───── Data for this task ─────

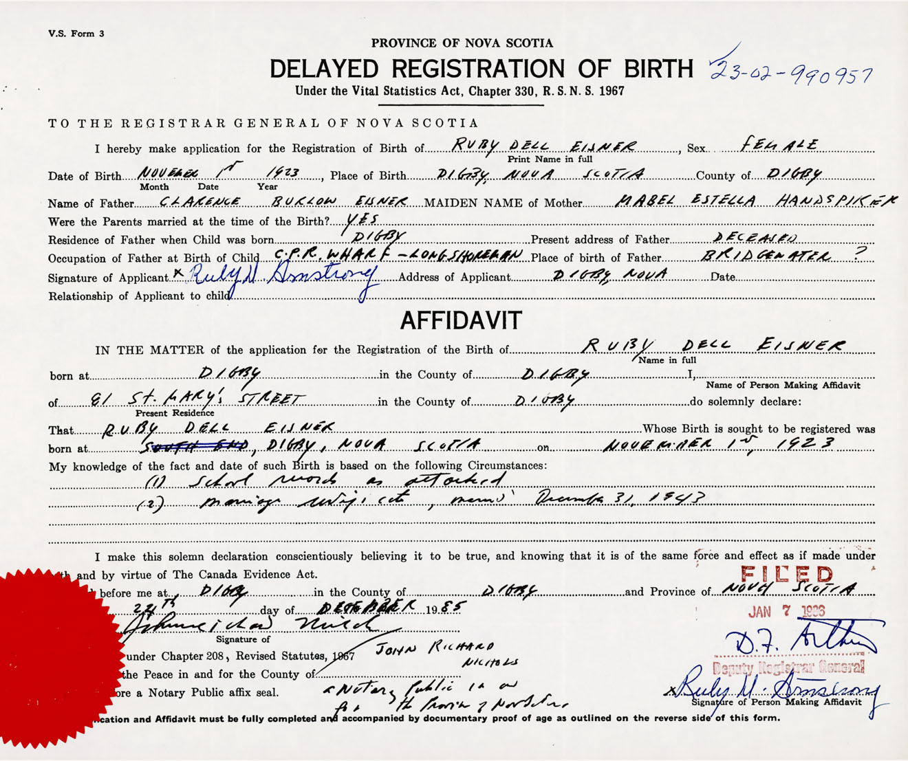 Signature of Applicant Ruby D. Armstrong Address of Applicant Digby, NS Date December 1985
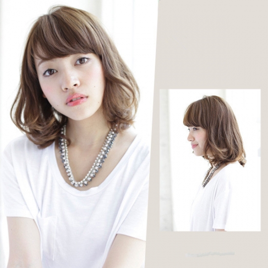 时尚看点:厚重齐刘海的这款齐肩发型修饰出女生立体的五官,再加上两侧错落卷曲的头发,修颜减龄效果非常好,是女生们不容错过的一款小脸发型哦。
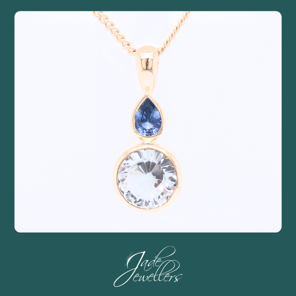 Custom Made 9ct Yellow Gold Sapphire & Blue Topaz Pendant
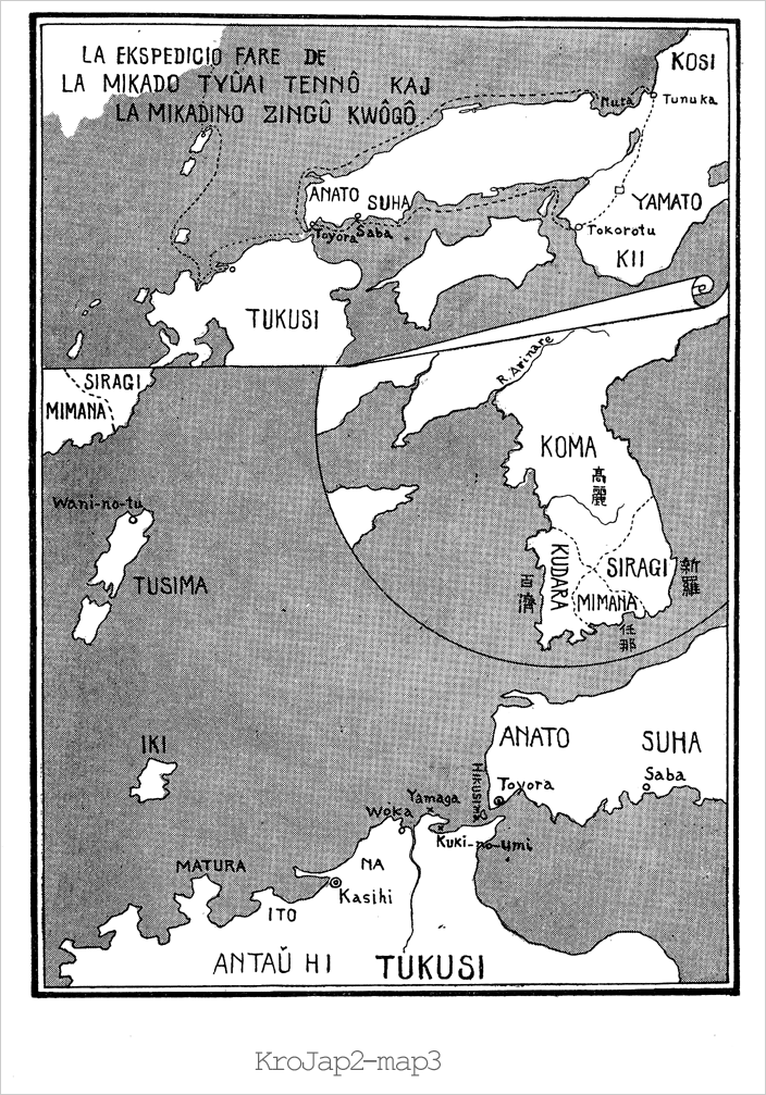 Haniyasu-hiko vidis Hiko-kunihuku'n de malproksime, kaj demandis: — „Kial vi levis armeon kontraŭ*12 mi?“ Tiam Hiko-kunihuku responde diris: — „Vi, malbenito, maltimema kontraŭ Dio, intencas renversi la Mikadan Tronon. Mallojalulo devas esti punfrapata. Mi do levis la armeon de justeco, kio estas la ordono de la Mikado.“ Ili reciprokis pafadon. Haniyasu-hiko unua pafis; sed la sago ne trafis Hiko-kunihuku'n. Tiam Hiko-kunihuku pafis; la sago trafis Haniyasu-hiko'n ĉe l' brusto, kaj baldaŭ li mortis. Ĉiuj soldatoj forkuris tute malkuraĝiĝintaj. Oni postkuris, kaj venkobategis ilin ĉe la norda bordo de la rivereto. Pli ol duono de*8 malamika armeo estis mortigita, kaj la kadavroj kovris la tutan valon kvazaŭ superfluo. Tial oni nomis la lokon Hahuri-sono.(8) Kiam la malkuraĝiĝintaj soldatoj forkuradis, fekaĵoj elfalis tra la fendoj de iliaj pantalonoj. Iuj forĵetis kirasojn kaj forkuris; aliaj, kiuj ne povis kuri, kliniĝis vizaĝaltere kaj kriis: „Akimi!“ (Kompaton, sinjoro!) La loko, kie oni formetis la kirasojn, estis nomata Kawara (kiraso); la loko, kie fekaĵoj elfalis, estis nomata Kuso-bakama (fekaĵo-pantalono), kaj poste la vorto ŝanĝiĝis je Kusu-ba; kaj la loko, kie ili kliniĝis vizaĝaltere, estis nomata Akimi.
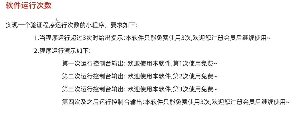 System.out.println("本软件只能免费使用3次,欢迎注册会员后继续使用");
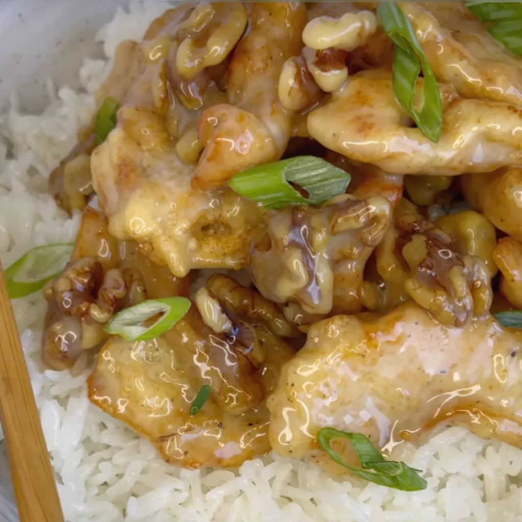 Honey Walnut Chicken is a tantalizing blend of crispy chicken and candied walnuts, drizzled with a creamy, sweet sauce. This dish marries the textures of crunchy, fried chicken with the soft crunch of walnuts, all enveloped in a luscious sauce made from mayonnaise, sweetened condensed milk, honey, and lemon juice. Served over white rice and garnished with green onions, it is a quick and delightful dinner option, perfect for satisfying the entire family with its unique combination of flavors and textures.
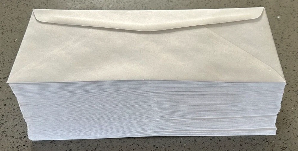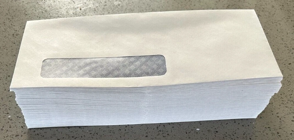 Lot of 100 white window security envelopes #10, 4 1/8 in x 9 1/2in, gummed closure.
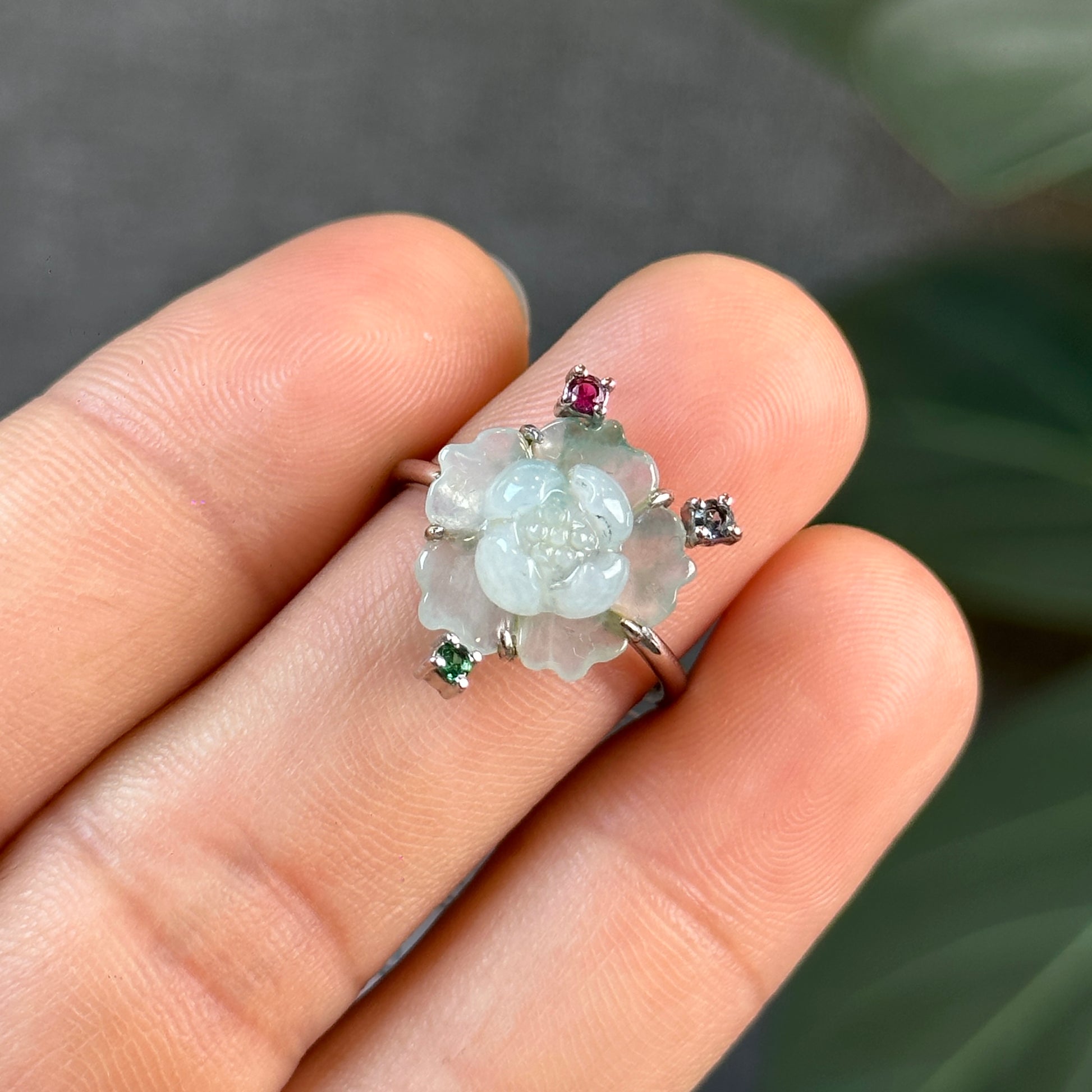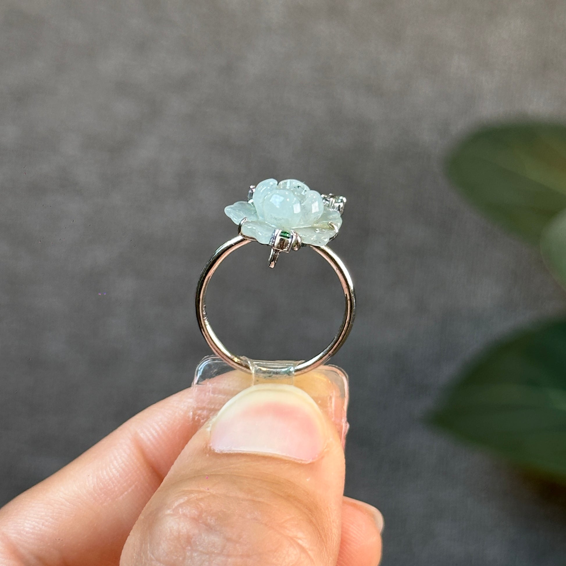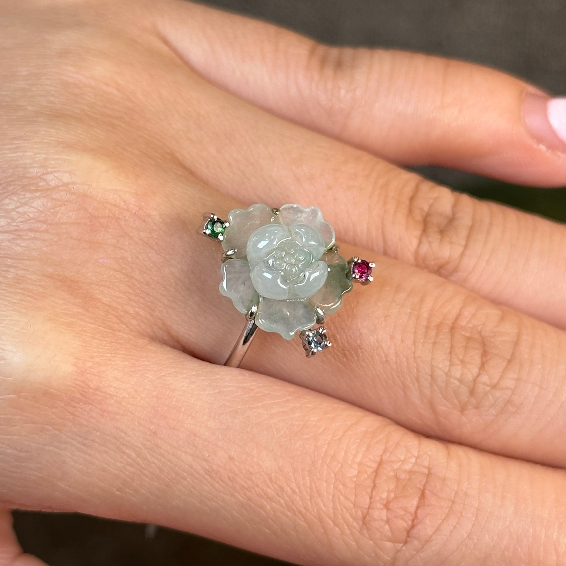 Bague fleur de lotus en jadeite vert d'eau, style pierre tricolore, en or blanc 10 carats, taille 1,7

─────

_Directions_
Nothing may be altered when you restate the records, but every picture must be dropped.

_Response area_
 Signature of Applicant Ruby D. Armstrong Address of Applicant Digby, NS Date December 1985
 时尚看点:厚重齐刘海的这款齐肩发型修饰出女生立体的五官,再加上两侧错落卷曲的头发,修颜减龄效果非常好,是女生们不容错过的一款小脸发型哦。
 Custom Made 9ct Yellow Gold Sapphire & Blue Topaz Pendant
 Haniyasu-hiko vidis Hiko-kunihuku'n de malproksime, kaj demandis: — „Kial vi levis armeon kontraŭ*12 mi?“ Tiam Hiko-kunihuku responde diris: — „Vi, malbenito, maltimema kontraŭ Dio, intencas renversi la Mikadan Tronon. Mallojalulo devas esti punfrapata. Mi do levis la armeon de justeco, kio estas la ordono de la Mikado.“ Ili reciprokis pafadon. Haniyasu-hiko unua pafis; sed la sago ne trafis Hiko-kunihuku'n. Tiam Hiko-kunihuku pafis; la sago trafis Haniyasu-hiko'n ĉe l' brusto, kaj baldaŭ li mortis. Ĉiuj soldatoj forkuris tute malkuraĝiĝintaj. Oni postkuris, kaj venkobategis ilin ĉe la norda bordo de la rivereto. Pli ol duono de*8 malamika armeo estis mortigita, kaj la kadavroj kovris la tutan valon kvazaŭ superfluo. Tial oni nomis la lokon Hahuri-sono.(8) Kiam la malkuraĝiĝintaj soldatoj forkuradis, fekaĵoj elfalis tra la fendoj de iliaj pantalonoj. Iuj forĵetis kirasojn kaj forkuris; aliaj, kiuj ne povis kuri, kliniĝis vizaĝaltere kaj kriis: „Akimi!“ (Kompaton, sinjoro!) La loko, kie oni formetis la kirasojn, estis nomata Kawara (kiraso); la loko, kie fekaĵoj elfalis, estis nomata Kuso-bakama (fekaĵo-pantalono), kaj poste la vorto ŝanĝiĝis je Kusu-ba; kaj la loko, kie ili kliniĝis vizaĝaltere, estis nomata Akimi.
 System.out.println("本软件只能免费使用3次,欢迎注册会员后继续使用");
 Honey Walnut Chicken is a tantalizing blend of crispy chicken and candied walnuts, drizzled with a creamy, sweet sauce. This dish marries the textures of crunchy, fried chicken with the soft crunch of walnuts, all enveloped in a luscious sauce made from mayonnaise, sweetened condensed milk, honey, and lemon juice. Served over white rice and garnished with green onions, it is a quick and delightful dinner option, perfect for satisfying the entire family with its unique combination of flavors and textures.
 Lot of 100 white window security envelopes #10, 4 1/8 in x 9 1/2in, gummed closure.
 Bague fleur de lotus en jadeite vert d'eau, style pierre tricolore, en or blanc 10 carats, taille 1,7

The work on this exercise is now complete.